We encourage you to share this Principle at your Passover sederim, and engage with it as you feel called in the weeks and months to come:
ALEPH Principle 16:
We are committed to living in and drawing inspiration from Israel, land of enduring history, seat of sacred narrative, and land of the Bible. We do so in mutual recognition of our cousins, the Palestinians, and each other’s right to freedom, self-determination, justice, security and peace. We are committed to skillful efforts that seek a peaceful way to share the land of Israel/Palestine among all peoples who cherish it and call it home.
Engagement could look like:
1. Having conversations about what the statement means to members of your community.
2. Putting aside what you don’t agree on and sharing the depth of your anguish in mutual love and respect for one another.

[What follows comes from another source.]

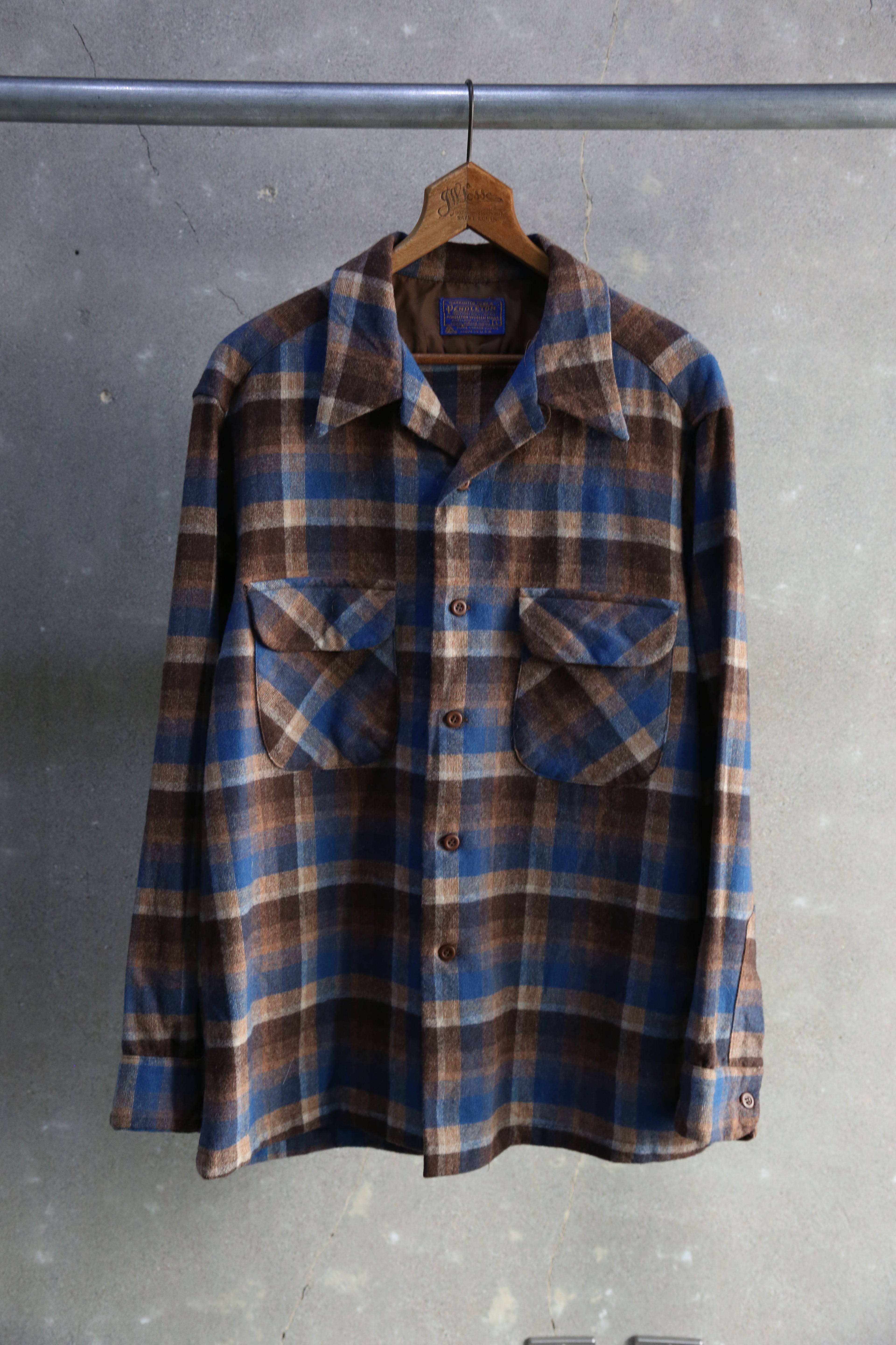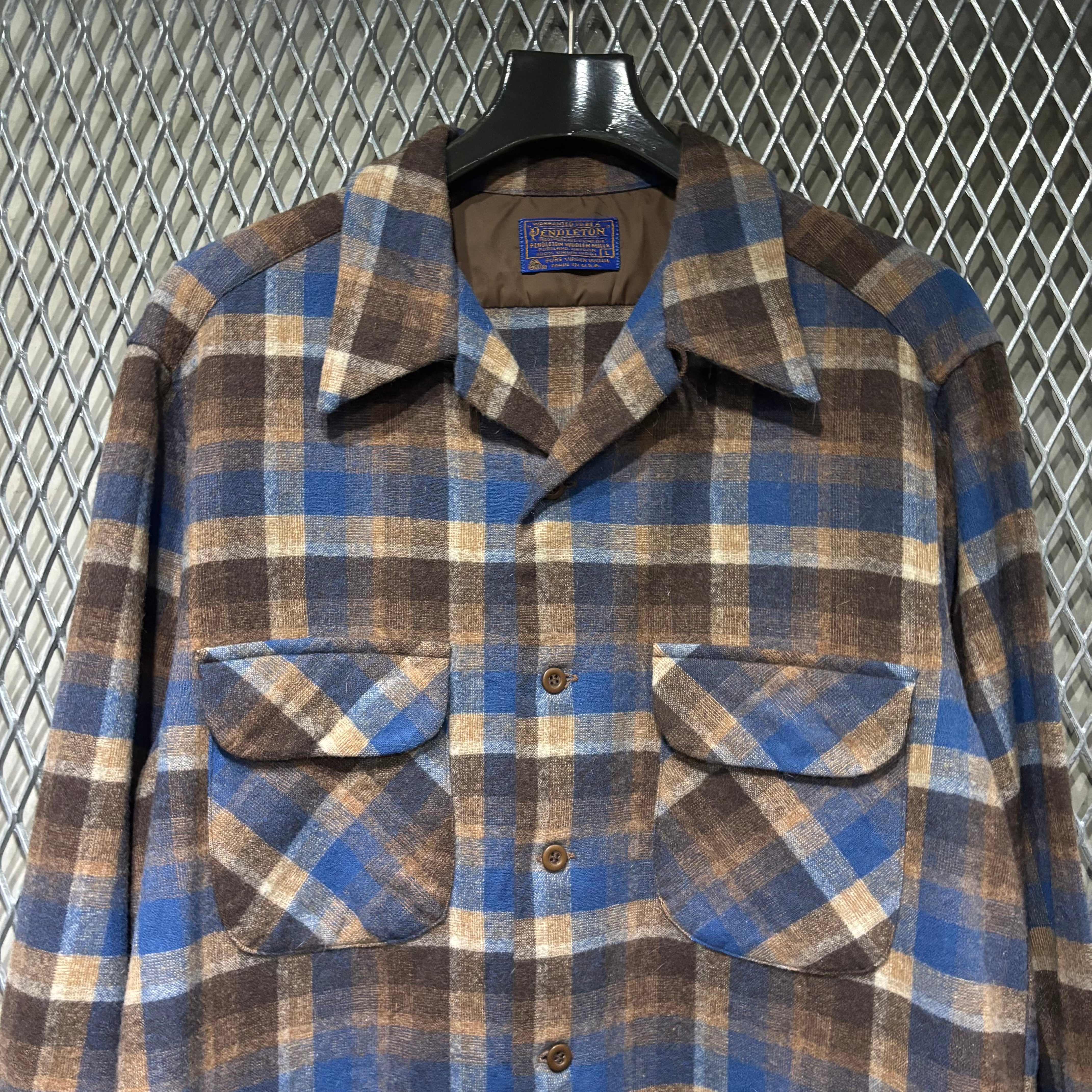 70s【Pendleton】Wool Open Collar Shirt USA製
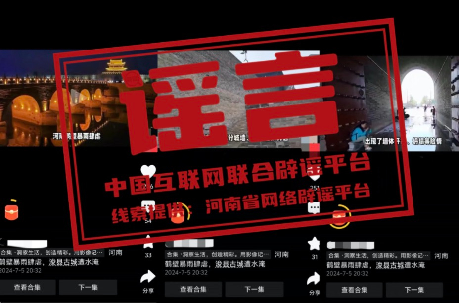 真相:近日,有网民在网络平台发布内容为“河南鹤壁暴雨肆虐,浚县古城遭水淹”的视频信息,引发社会关注。经核实,7月5日浚县出现暴雨天气,强降雨期间浚县古城北大街、东城门广场等处出现积水情况,经过积极排涝,雨停后路面积水很快被排空,恢复正常通行,不存在视频中所说的“古城风貌受损严重”“古城内的部分城墙、古街巷出现不同程度的损毁”“古城墙出现了墙体开裂、坍塌等险情”“古城内的博物馆、纪念馆等文化设施也遭受不同程度的损失”等现象。该视频多为当地旧闻及外地视频嫁接拼凑。目前,浚县古城秩序正常。(来源:河南省网络辟谣平台、浚县古城保护建设服务中心)

3. Engaging in embodied rituals to grieve, so we can mourn and care for our shattered hearts. Directing that energy into love and hope for the future.
4. Celebrating the return of hostages or any other moment you want to celebrate.
5. Finding commonalities on what the statement means and discerning how your community would like to take action on what you agree on.
6. Supporting Israel with prayer and love, and mourning the loss of all in Israel and Palestine who have been harmed, displaced, or killed as a result of this conflict.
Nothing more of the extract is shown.